Ulaştırma ve Altyapı Bakanı Abdulkadir
Uraloğlu, Karayolları Genel Müdürlüğünün 85 milyon vatandaşa dokunarak, 22
yıllık eser ve hizmet siyasetinde bir lokomotif olduğunu belirterek, “Bu
doğrultuda, 2053 yılına kadar öngördüğümüz Ulaştırma ve Lojistik Ana Planı’nı
hazırladık. Gelecek planımızın gereği olarak 2053 yılına kadar bölünmüş yol
ağını 38 bin 60 kilometreye yükseltmeyi hedefliyoruz” dedi. 2002 yılı sonunda
bölünmüş yol seferberliğiyle önemli mesafeler kat ettiklerini belirten
Uraloğlu, “Bölünmüş yol ağımız 22 yıl önce 6 bin 101 km uzunluğunda ve sadece 6
ilimizi birbirine bağlıyordu. Bugün bölünmüş yol ağımız toplam 29 bin 405 km’ye
çıktı, 77 ilimiz bölünmüş yollarla birbirine bağlandı.” şeklinde konuştu.

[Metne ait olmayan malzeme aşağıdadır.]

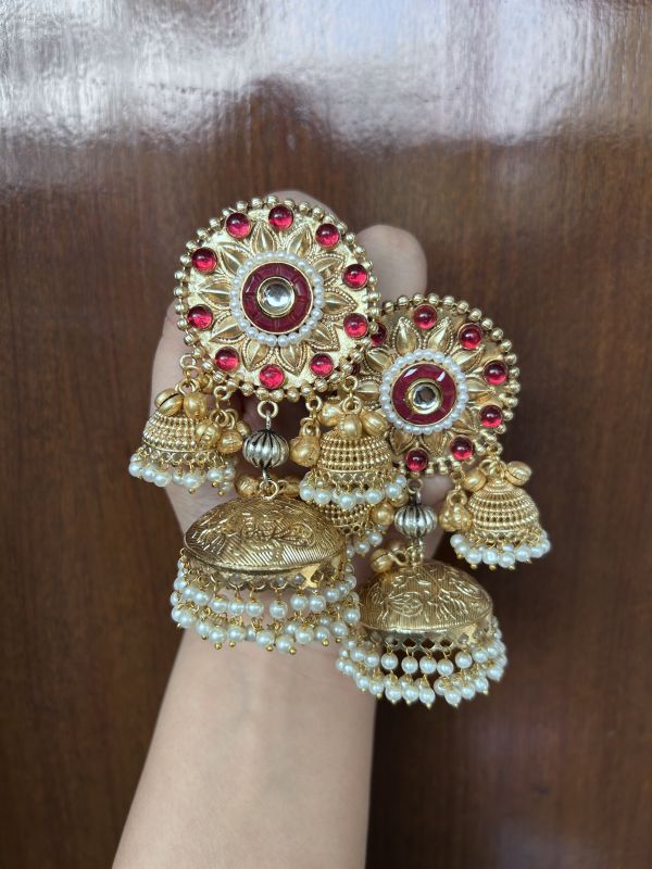 Beautiful three-layer red jhumki designed with a traditional touch. Lightweight, stylish, and perfect for festive outfits. Its bold red color and layered design add instant elegance to any look.
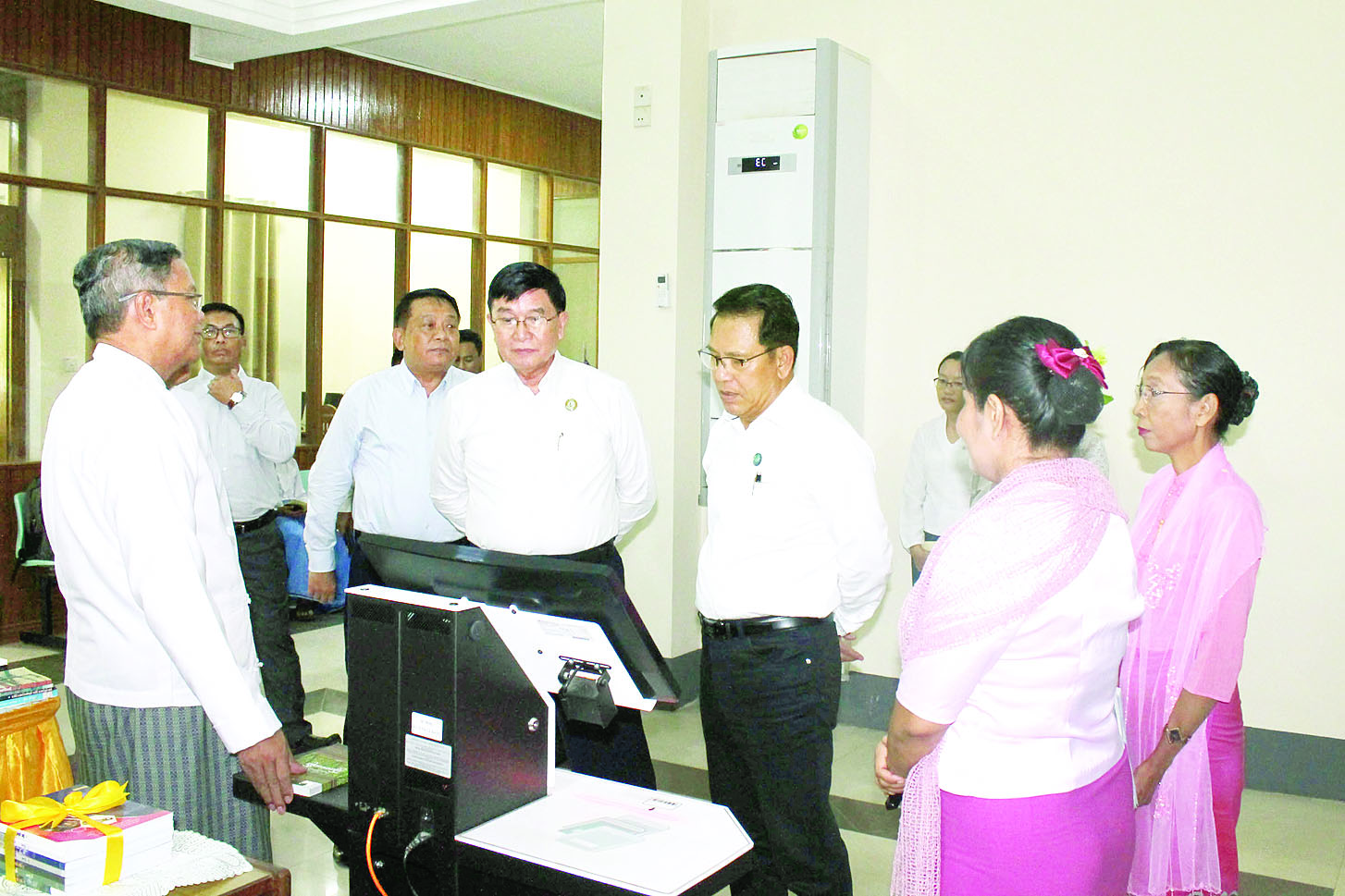ဦးစွာ ပြည်ထောင်စုဝန်ကြီးနှင့် တိုင်းဒေသကြီး ဝန်ကြီးချုပ်တို့သည် မကွေးတက္ကသိုလ်စာကြည့်တိုက်သို့ ရောက်ရှိရာ စာကြည့်တိုက်တာဝန်ခံက အီလက်ထရောနစ်စနစ်ဖြင့် စာပြုလုပ်ငန်း၊ စာငှားလုပ်ငန်းများ ဆောင်ရွက်ထားရှိမှုအခြေအနေများကို ရှင်းလင်းတင်ပြသည်။
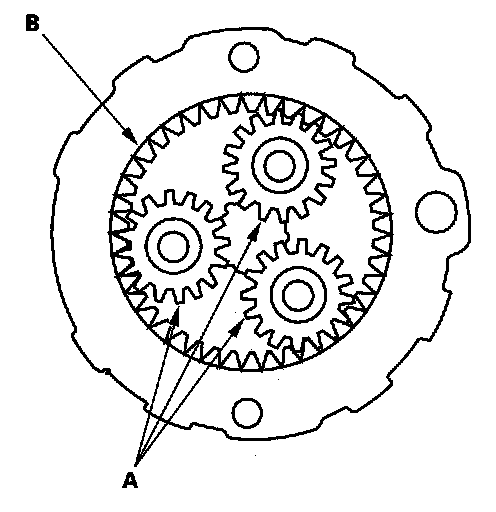 13. Check the planetary gears (A) and ring gear (B) for wear or damage. Replace them if they are worn or damaged.
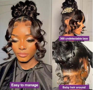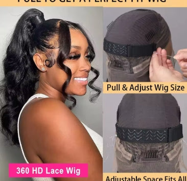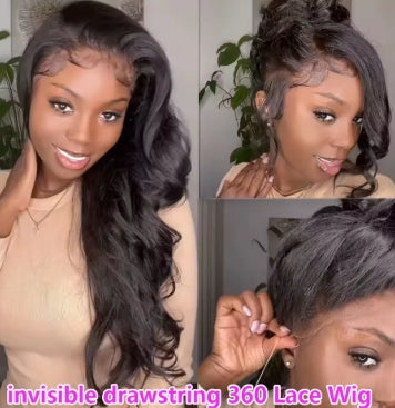Hidden Strap Body Wave 360 HD Full Lace Front Wigs Human Hair Pre Plucked 12A Glueless Brazilian Virgin Wig With Drawstring

Uraloğlu, Kamu harcamalarında tasarruf ilkesini gözden kaçırmayacaklarını
belirterek, “Bugüne kadar olduğu gibi bundan sonra da kamu kaynaklarının
efektif kullanımı konusunda azami dikkati göstermenizi özellikle istirham
ediyorum.” dedi.
Ulaştırma ve Altyapı Bakanı Abdulkadir
Uraloğlu, Karayolları Genel Müdürlüğü 74. Bölge Müdürleri toplantısında
konuştu. Karayolları Bölge Müdürleri Toplantılarının yol haritası belirlemede
bir Karayolculuk geleneği olduğunun altını çizen Uraloğlu, “Tam 34 yıl
kesintisiz olarak hizmet verdiğim Karayolları Teşkilatının bu toplantılarına
daha önce bölge müdürü ve genel müdür olarak katılmıştım. Bu toplantılarda ilk
kez bakan olarak yer alıyorum. Bugün sizlerle yine aynı heyecanı, aynı
idealleri paylaşıyorum. Bir karayolcu olarak aranızda bulunmaktan büyük
mutluluk duyuyorum.” dedi. Karayolları Genel Müdürlüğünün, her mensubunun daima
işini daha iyi yapmanın, geleceğin ihtiyaçlarını planlayarak yüksek hizmet
standardını getirmenin gayreti içerisinde olduğunun altını çizen Uraloğlu,
“Karayolu yatırımlarıyla her bölgenin erişim ağını yükselterek rekabetçi bir
konuma gelmesinde de kaldıraç görevi görmüştür. Bu noktada Bölge Müdürleri
Toplantıları da bizlere; birbirimizle olan bağlarımızı güçlendirmek,
deneyimlerimizi paylaşmak ve Karayolları Teşkilatımızın hedeflerini belirlemek
adına çok önemli bir fırsat sunuyor. Sizler de çok iyi biliyorsunuz ki coğrafi
konumu itibarıyla stratejik öneme sahip ülkemizin; uluslararası alanda siyasi,
ekonomik ve sosyo-kültürel yönden avantajlarını koruması ve ona göre
stratejiler oluşturması şarttır.” diye konuştu.
“22 Yıllık Eser ve Hizmet
Siyasetimizin Lokomotifi Oldu”
Güçlü bir toplumun en temel ihtiyacı
olan ulaşım altyapısının, küresel etkileşimin sürekli olarak arttığı günlerde,
giderek daha fazla önem kazandığını vurgulayan Uraloğlu, “Dolayısıyla bizlere
medeniyet yolunu açan, dünya ile entegre olmamızı, ulaşım ve erişimde söz
sahibi olmamızı sağlayan Karayolları Genel Müdürlüğü’müzdür. Bu güzide kurum,
85 milyon vatandaşımıza dokunduğumuz 22 yıllık eser ve hizmet siyasetimizin de
lokomotifi olmuştur.” şeklinde konuştu.
“Bölünmüş Yol Ağımızı 29 Bin 405
Kilometreye Çıkardık”
2002 yılı sonunda Acil Eylem Planı
kapsamında başlatılan bölünmüş yol seferberliğiyle önemli mesafeler kat
ettiklerini belirten Uraloğlu, “Bölünmüş yol ağımız 22 yıl önce 6 bin 101 km
uzunluğunda ve sadece 6 ilimizi birbirine bağlıyordu. Bugün bölünmüş yol ağımız
toplam 29 bin 405 km’ye çıktı, 77 ilimiz bölünmüş yollarla birbirine bağlandı.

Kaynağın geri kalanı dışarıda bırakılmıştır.